The defendant was charged in a substituted information with possession of over one kilogram of marihuana with intent to sell in violation of General Statutes § 21a-278 (b) and possession of four ounces or more of marihuana in violation of General Statutes § 21a-279 (b).1 The defendant filed a motion to suppress the marihuana that was seized from the first floor apartment of 232 Perch Rock Trail, Winsted. He claimed that the affidavit in support of the application for the search warrant did not establish probable cause to believe that marihuana, in fact, was within these premises. The trial court, Moraghan, J., granted the motion to suppress, and denied the state’s motion to reargue the motion to suppress and motion for articulation. The charges were then dismissed with prejudice. With the permission of the trial court, the state appealed from the judgment of dismissal.

The state challenges (1) the trial court’s conclusion that the warrant affidavit failed to establish probable cause, and (2) the court’s failure to apply the good faith *64exception to the exclusionary rule to the evidence seized from the apartment at issue.
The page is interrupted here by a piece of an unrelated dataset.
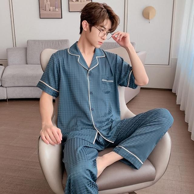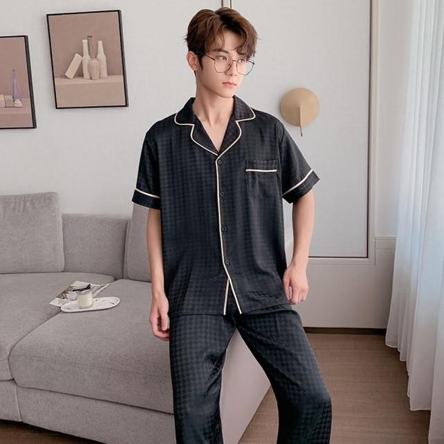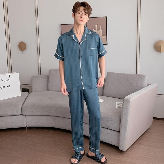米蘭精品現貨+預購 男絲質居家睡衣套裝緞面絲綢冰絲睡衣薄款短袖睡衣睡褲-格紋提花長褲2色74fv30

We affirm the judgment of the trial court.

The relevant facts are as follows. On August 7,1988, the Winsted police department obtained a search and seizure warrant authorizing them to search the premises described as the first floor apartment at 232 Perch Rock Trail, Winsted, and the person of the defendant. The police executed the warrant later that day. When they arrived at the premises, the defendant was not at the apartment, but they were able to obtain a key from the owner who lived on the second floor. Upon entry, they found fifty-two pounds of marihuana in a bedroom. It was wrapped in small clear plastic bags and kept in large garbage bags. The defendant returned to the apartment shortly after midnight and the police apprehended him.2

The defendant filed a motion to suppress the material seized pursuant to the search warrant, claiming that the search and seizure violated his rights under article first, § 7, of the Connecticut constitution and the fourth amendment to the United States constitution. The trial court granted the motion to suppress finding (1) that the affidavit in support of the search warrant did not adequately set forth the unnamed informant’s basis of knowledge and, as a result, the warrant lacked probable cause, and (2) that the state failed to establish an adequate record for upholding the search under the good faith exception to the exclusionary rule of the fourth amendment.

I

On appeal, the state first challenges the trial court’s finding that the affidavit lacked probable cause. Spe*65cifically, the state argues that the court should not have concluded that the affidavit failed to state adequately the informant’s basis of knowledge in that (1) the informant provided detailed information that permitted an inference that the information he described was obtained by personal observation, (2) the informant provided information in close proximity to the alleged criminal activities, and (3), because this is arguably a close case, great deference should be given to the issuing magistrate’s determination that probable cause existed on the face of the warrant. We do not agree.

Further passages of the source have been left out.